__What you should do__
Your answer should hold exactly the lines below from the line with "我點了「京都醬燒嫩雞親子 丼 」260元及「市役所紅茶拿鐵」65元,飲料好喝~![]()" through the line with "et vision financière", both included, and no pictures at all.

**** Input data ****

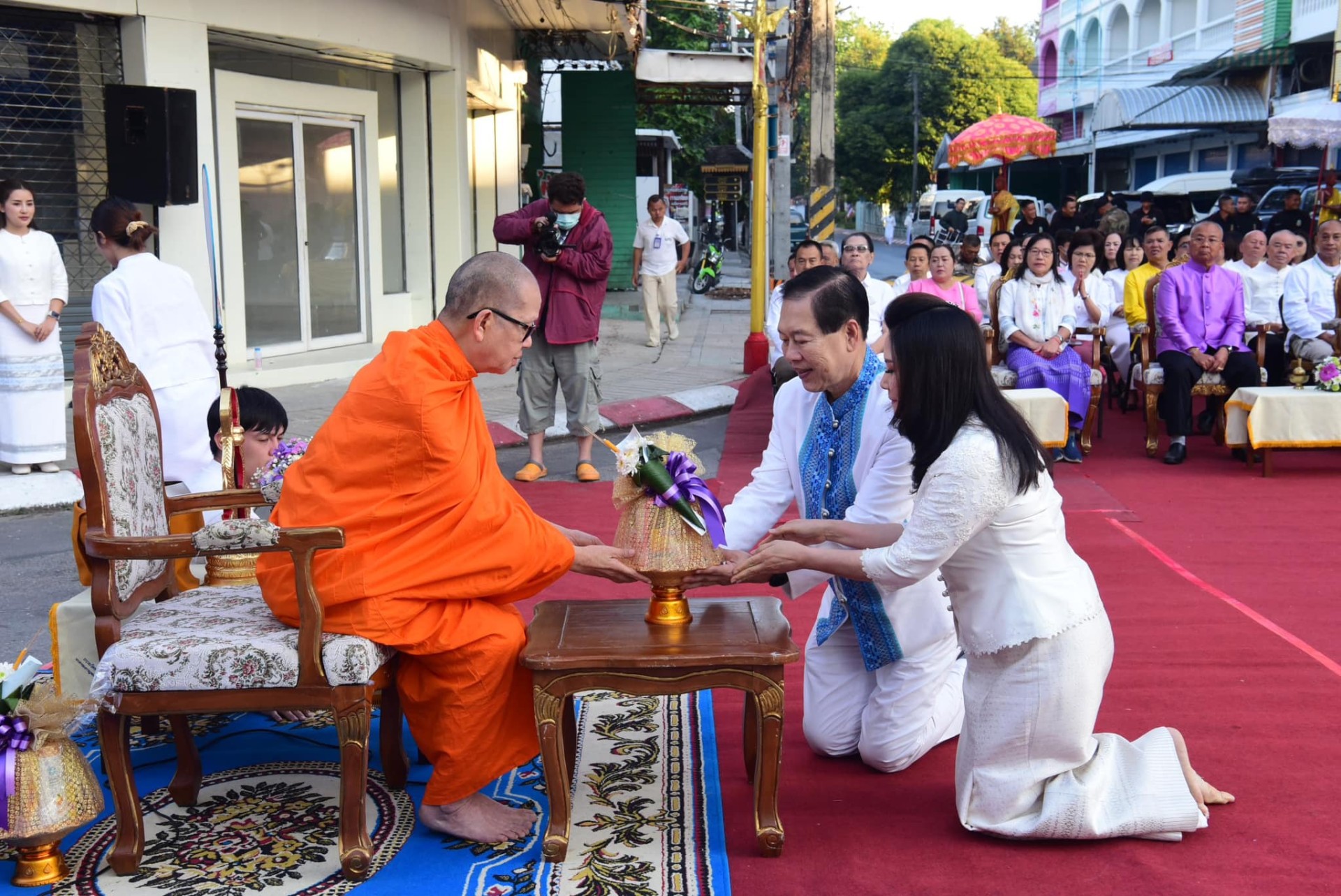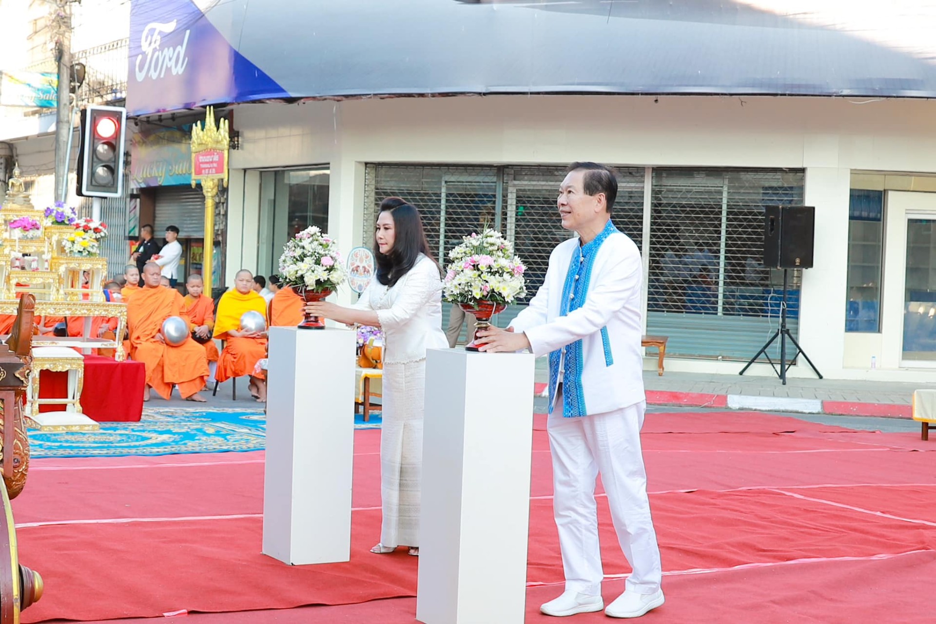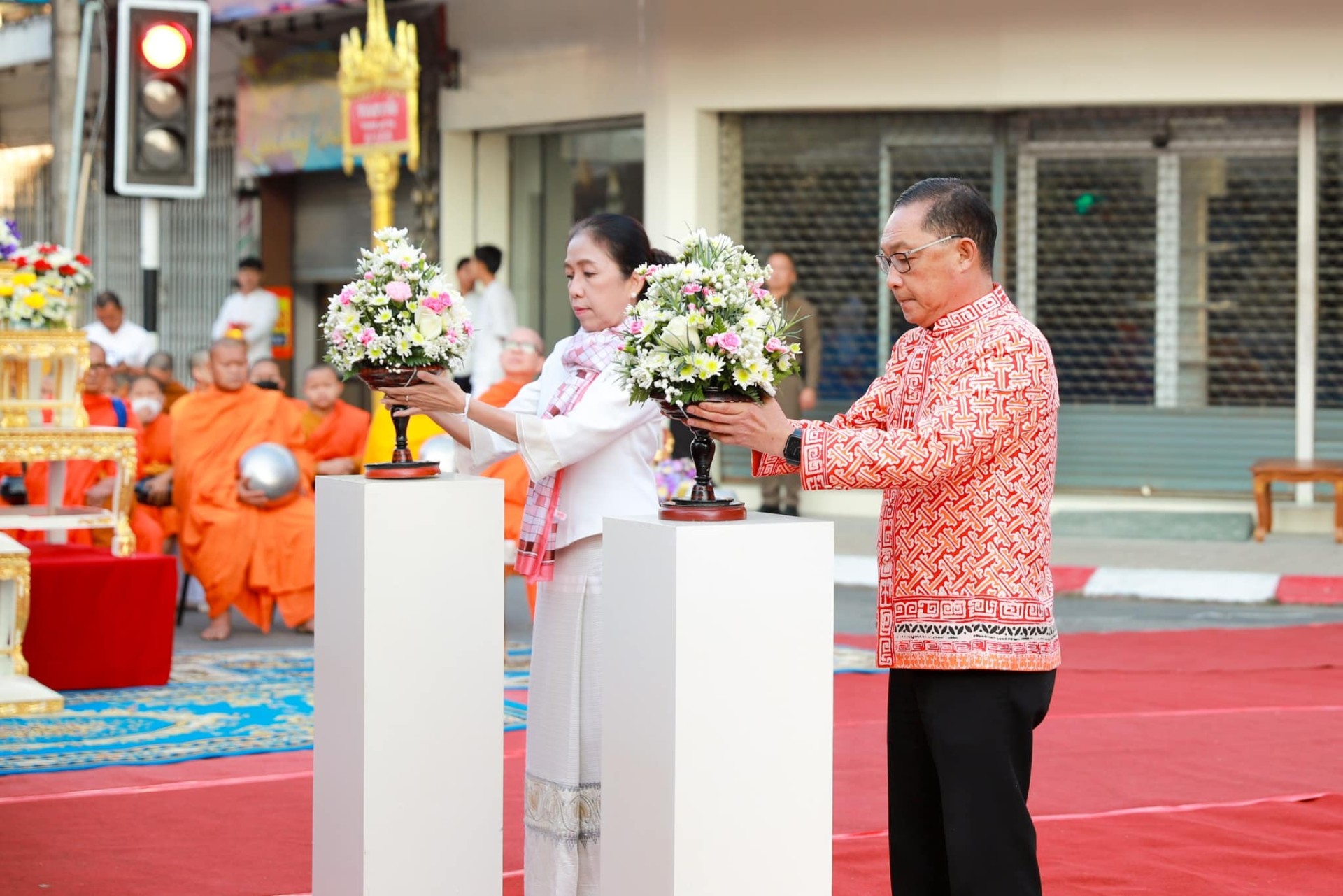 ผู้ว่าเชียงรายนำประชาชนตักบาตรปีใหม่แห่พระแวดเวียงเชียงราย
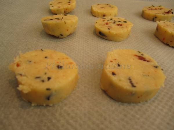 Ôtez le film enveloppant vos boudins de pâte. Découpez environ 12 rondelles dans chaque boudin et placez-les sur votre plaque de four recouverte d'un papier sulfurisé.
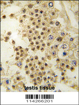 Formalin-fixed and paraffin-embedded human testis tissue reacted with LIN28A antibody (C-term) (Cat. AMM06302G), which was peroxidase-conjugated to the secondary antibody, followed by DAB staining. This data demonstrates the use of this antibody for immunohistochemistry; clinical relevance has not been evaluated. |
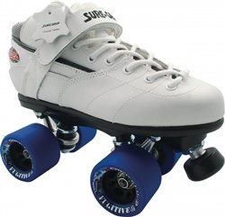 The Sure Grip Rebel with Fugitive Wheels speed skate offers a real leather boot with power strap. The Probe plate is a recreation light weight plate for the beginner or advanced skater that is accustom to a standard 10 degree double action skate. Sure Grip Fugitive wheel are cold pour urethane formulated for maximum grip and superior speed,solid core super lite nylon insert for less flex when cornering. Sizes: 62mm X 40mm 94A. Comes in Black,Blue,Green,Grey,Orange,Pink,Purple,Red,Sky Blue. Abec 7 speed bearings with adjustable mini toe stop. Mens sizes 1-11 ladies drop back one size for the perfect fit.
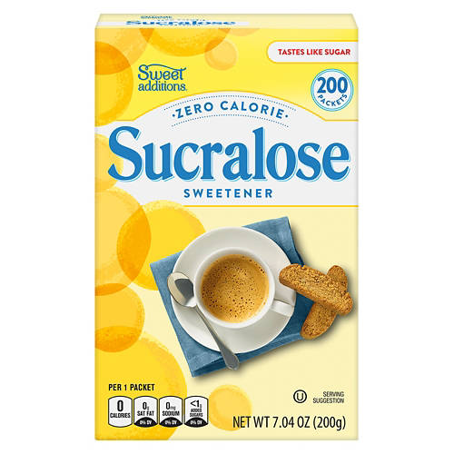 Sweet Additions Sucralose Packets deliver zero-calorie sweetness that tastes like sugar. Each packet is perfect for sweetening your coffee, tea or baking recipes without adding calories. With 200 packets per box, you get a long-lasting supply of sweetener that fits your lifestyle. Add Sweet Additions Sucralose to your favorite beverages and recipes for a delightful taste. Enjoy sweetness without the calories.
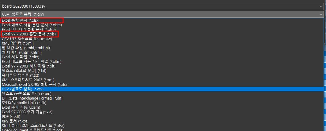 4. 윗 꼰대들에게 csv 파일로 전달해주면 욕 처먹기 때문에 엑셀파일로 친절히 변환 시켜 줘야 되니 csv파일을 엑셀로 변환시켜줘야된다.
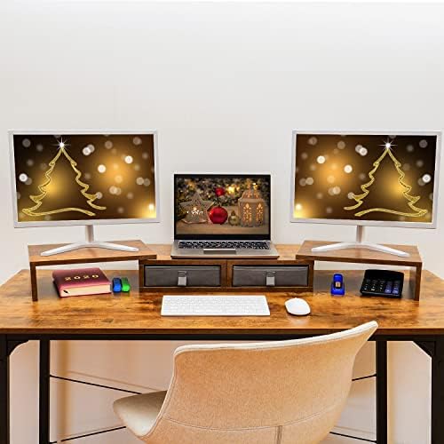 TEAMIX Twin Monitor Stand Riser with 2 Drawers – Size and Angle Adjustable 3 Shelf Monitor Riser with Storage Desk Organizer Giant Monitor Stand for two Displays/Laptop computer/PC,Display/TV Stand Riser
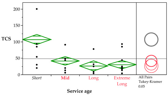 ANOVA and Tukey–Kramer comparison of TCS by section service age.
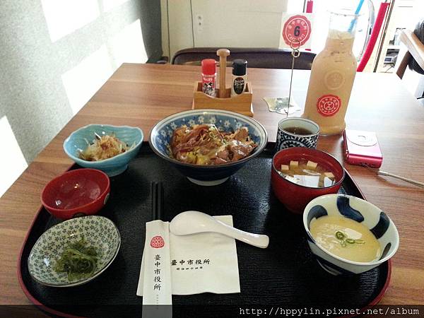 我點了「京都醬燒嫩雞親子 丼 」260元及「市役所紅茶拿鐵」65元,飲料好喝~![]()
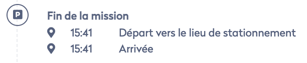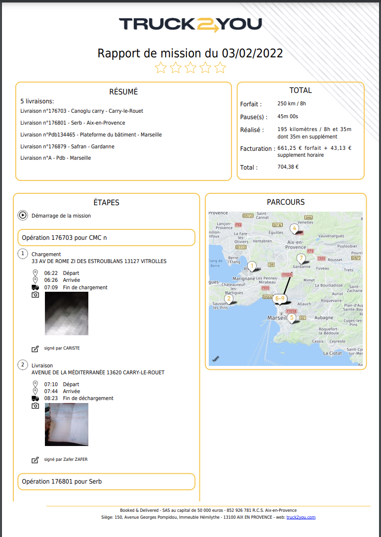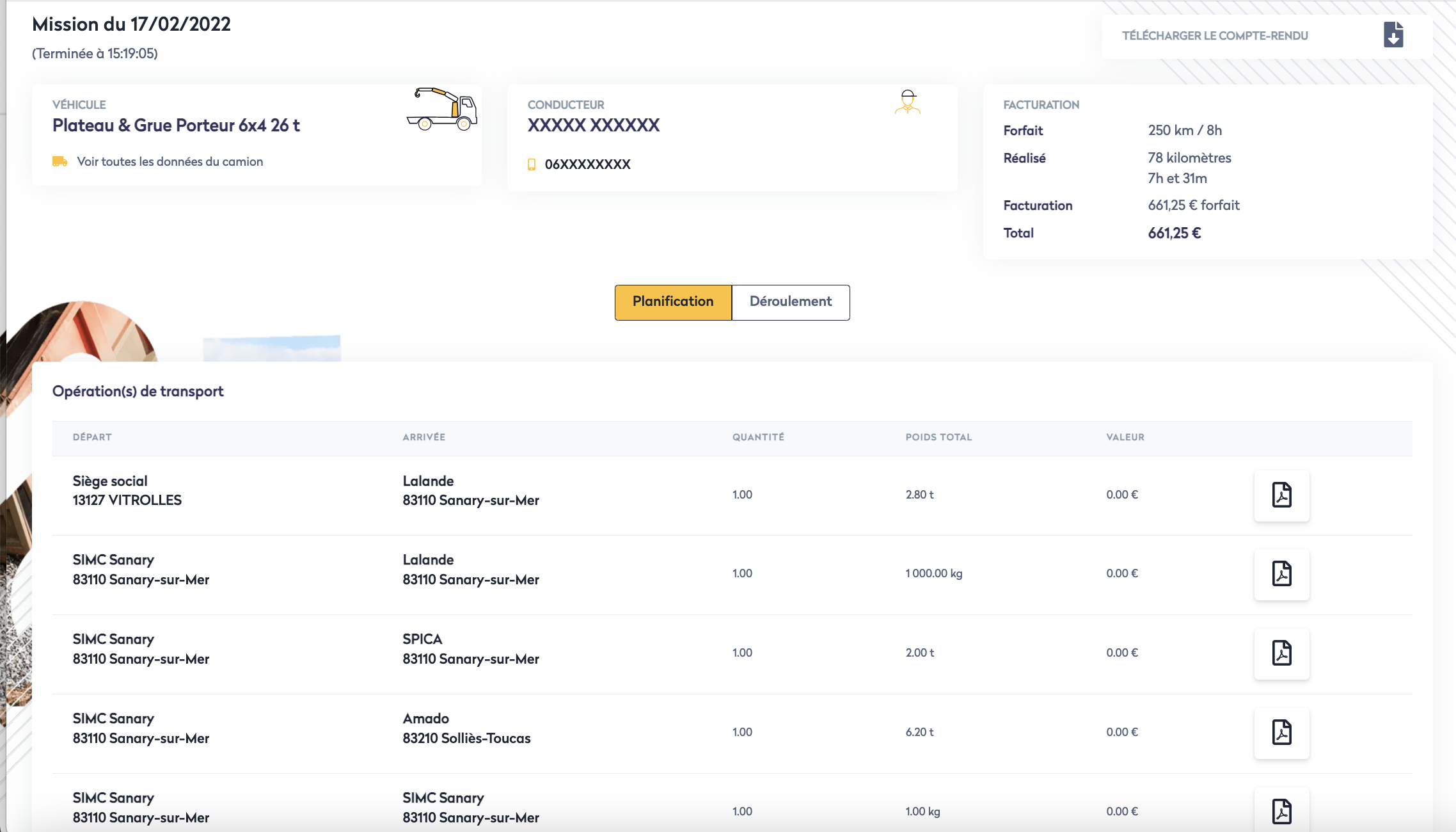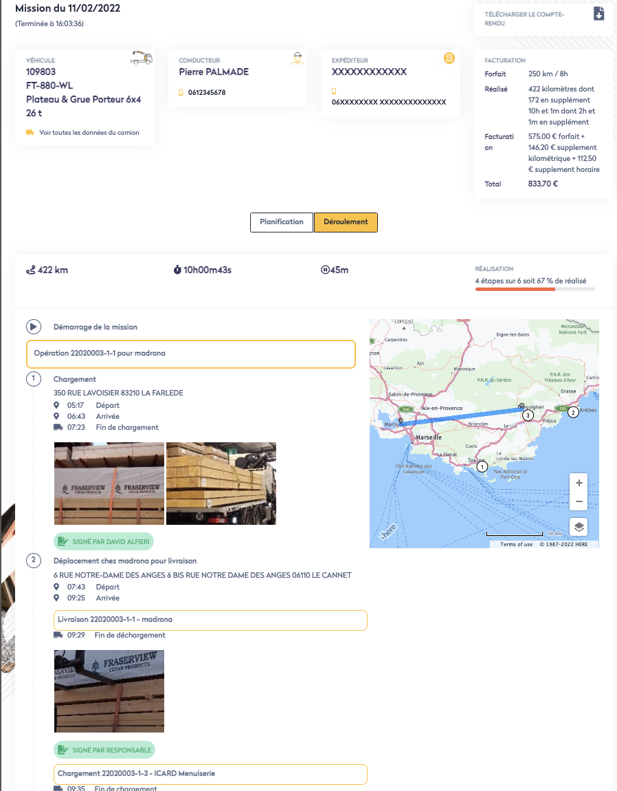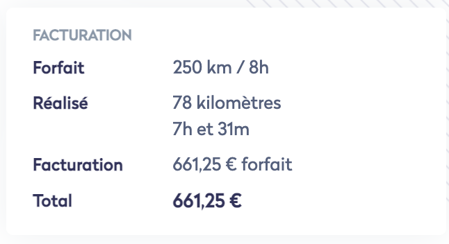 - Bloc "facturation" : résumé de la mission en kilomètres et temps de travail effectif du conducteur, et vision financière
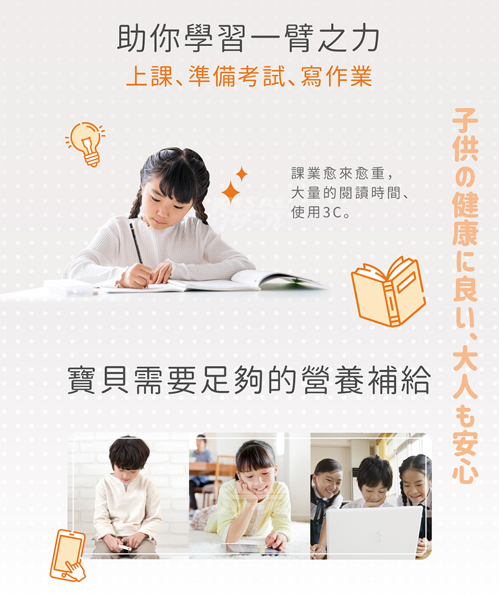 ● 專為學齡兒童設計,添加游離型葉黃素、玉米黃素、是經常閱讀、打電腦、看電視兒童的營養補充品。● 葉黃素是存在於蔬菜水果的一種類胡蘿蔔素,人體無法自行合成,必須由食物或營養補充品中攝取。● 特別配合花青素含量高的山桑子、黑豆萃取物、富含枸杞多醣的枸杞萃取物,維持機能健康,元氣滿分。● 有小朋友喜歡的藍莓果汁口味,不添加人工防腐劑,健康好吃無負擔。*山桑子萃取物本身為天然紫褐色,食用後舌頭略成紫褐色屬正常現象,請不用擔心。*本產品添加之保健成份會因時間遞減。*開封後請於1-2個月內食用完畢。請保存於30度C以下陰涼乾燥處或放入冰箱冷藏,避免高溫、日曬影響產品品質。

****

__Problem solution__
 我點了「京都醬燒嫩雞親子 丼 」260元及「市役所紅茶拿鐵」65元,飲料好喝~![]()
 - Bloc "facturation" : résumé de la mission en kilomètres et temps de travail effectif du conducteur, et vision financière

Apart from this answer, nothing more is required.